7.3.     No Right to Employment. Participation in the Plan with respect to any Performance Period shall not give any person any right to remain in the employ of the Company or any of its Subsidiaries during such Performance Period or at any other time nor shall it give any person the right to be a Participant with respect to any other Performance Period. Neither this Plan nor any document referring to or created in connection with this Plan in any way shall affect the right of the Company and its Subsidiaries to terminate any employee at any time for any reason or no reason.

 

7.4.     Amendment and Termination. Subject to applicable law, the Board may at any time, with or without notice, amend, suspend or terminate the Plan, provided that no amendment that would require shareholder approval shall be effective without such shareholder approval.

 

7.5.      Section409A Compliance. This Plan and any and all awards and payments under or pursuant to the Plan are intended to comply with the requirements of Section 409A of the Code (“Section 409A") or applicable exemptions therefrom and shall be construed and administered in accordance with such intent. Notwithstanding any other provision of this Plan, payments provided under this Plan may only be made upon an event and in a manner that complies with Section 409A or an applicable exemption.
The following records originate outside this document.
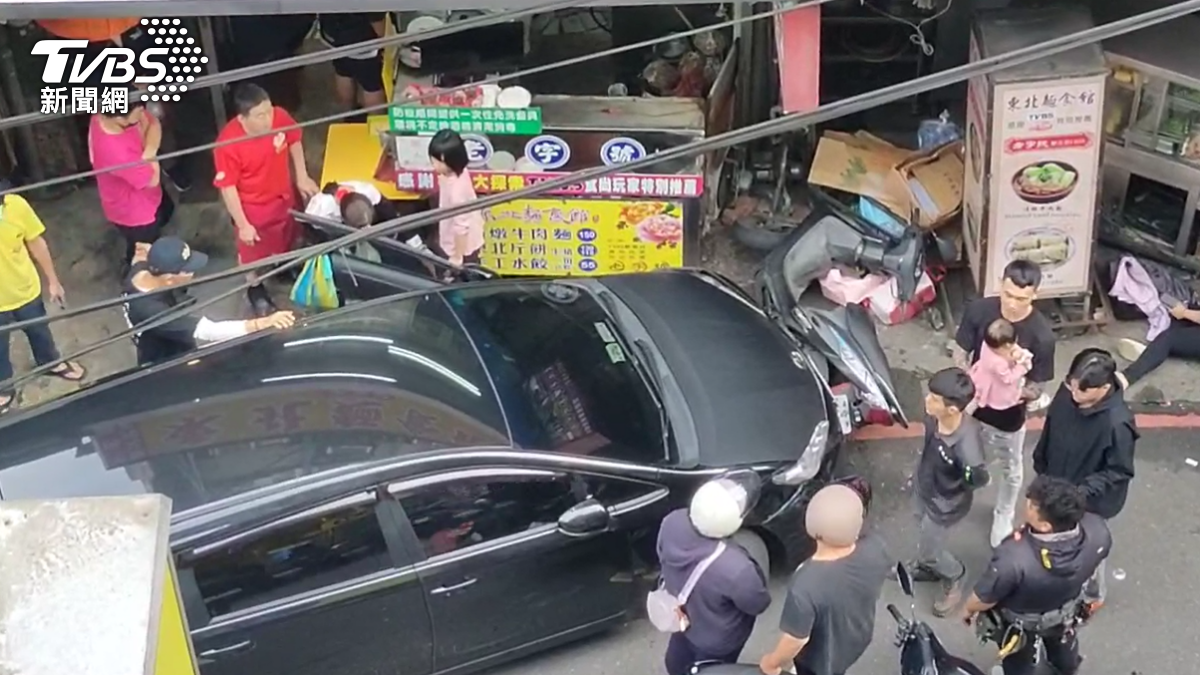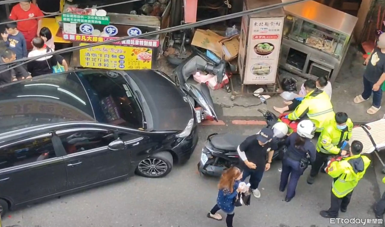 基隆廟口夜市一帶,今(5)日下午5時許發生一起車禍,一輛轎車不明原因波及2家店面,門口的設備被撞歪,且波及到一名機車女騎士與3位民眾,警消獲報到場緊急將女騎士送...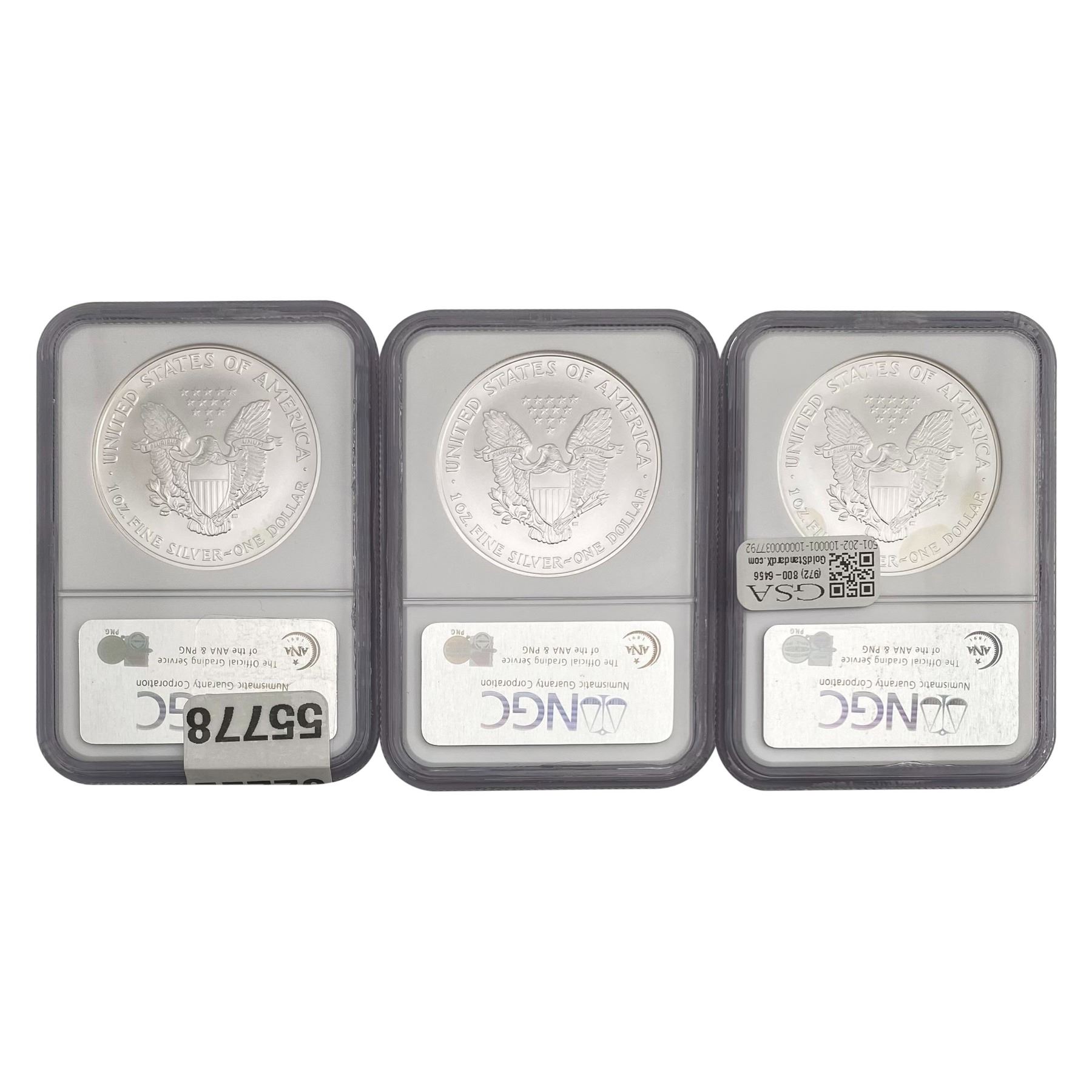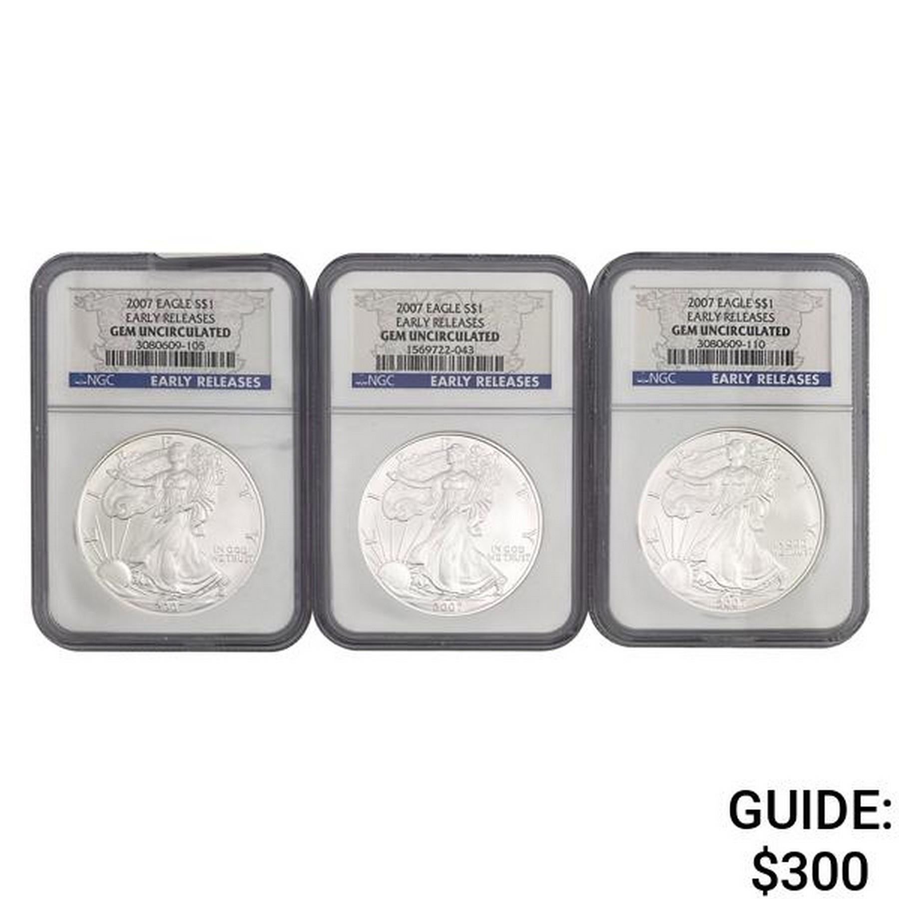 2007 $1 Silver Eagle NGC Gem Unc 3 Coins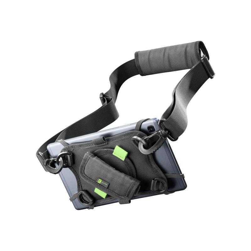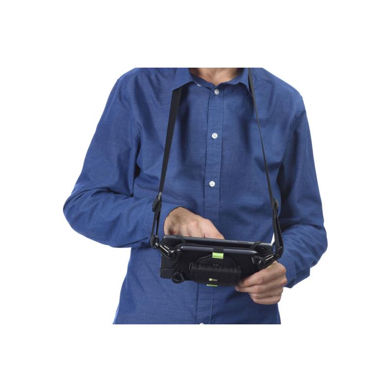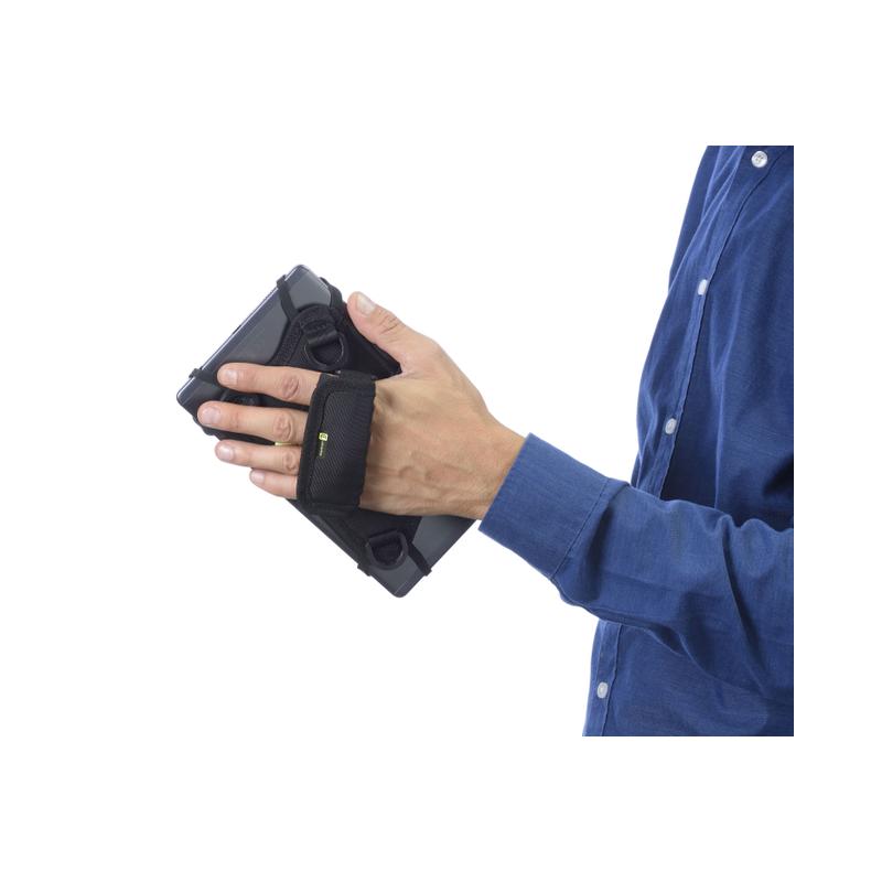 HANDLE CASE è la custodia universale per tablet studiata e realizzata per coloro che utilizzano il tablet come strumento da lavoro. La struttura della custodia, grazie ai quattro elastici in silicone, si adatta perfettamente alle dimensioni e alla forma di qualsiasi tablet. Handle Case può essere utilizzata anche quando il Tablet è protetto da una custodia posteriore. È inoltre dotata di una maniglia regolabile, che si adatta alle dimensioni della mano, e rotabile a 360° per garantire un utilizzo e una visualizzazione sia in verticale che in orizzontale. La due asole porta penna elastiche si adattano alle diverse dimensioni dei pennini per tablet. Grazie alla tracolla regolabile è possibile indossare il tablet al collo o a tracolla, lasciando libere le mani quando non lo si utilizza. La custodia è compatibile con tablet con display fino a 9’’ e con dimensioni massime pari a 22.5 x 15cm.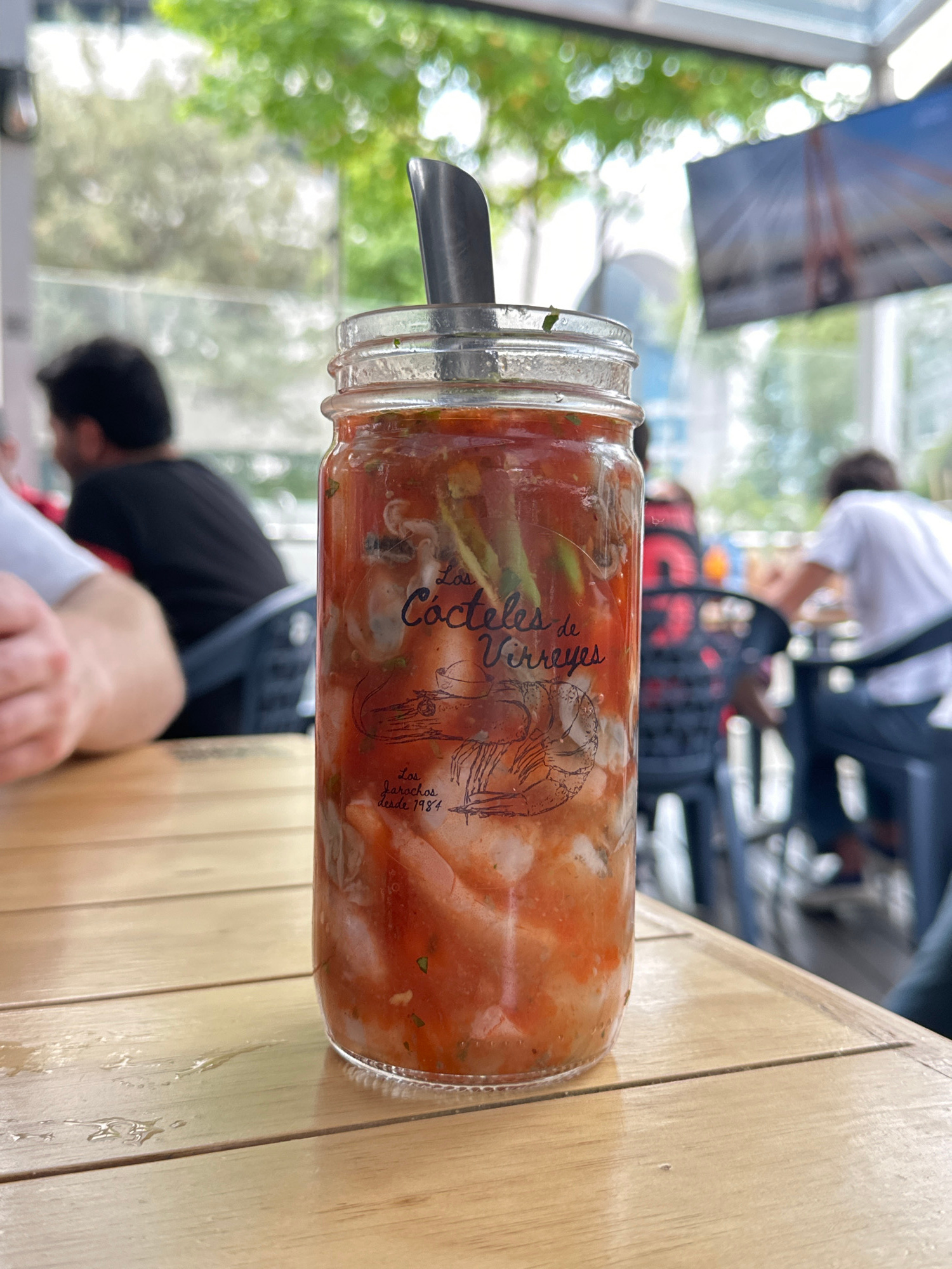A glass jar filled with a red, viscous substance, possibly a cocktail, rests on a light-brown wooden table. A silver spoon is inserted into the jar. The jar is labeled "Los Cacteles de Virreyes," and…read more

Any payments under this Plan that may be excluded from Section 409A as a short-term deferral or otherwise shall be excluded from Section 409A to the maximum extent possible. For purposes of Section 409A, if any amounts payable under this Plan are payable in installments, each installment shall be treated as a separate payment. Under no circumstances shall any Participant or other payment recipient be permitted to designate the taxable year in which any payment is made under this Plan if such payment could be made in more than one taxable year.

 

7.6.      Tax Withholding. The Company and its Subsidiaries shall have the right to deduct and withhold from all payments under the Plan all sums required to be withheld by any applicable tax laws and regulations with respect to the payment of any compensation under the Plan.

 

7.7.     Governing Law. The Plan shall be governed by and construed in accordance with the laws of the State of Georgia, except to the extent that such laws may be preempted by federal law.

 

7.8.     Effective Date; Term. The Plan was originally effective as of June 1, 2000 and was amended and restated effective November 19, 2020. The amendment and restatement of the Plan shall not affect the validity of any compensation arrangement established pursuant to the terms of the Plan prior to such amendment and restatement. The Plan shall remain in effect until terminated by the Board.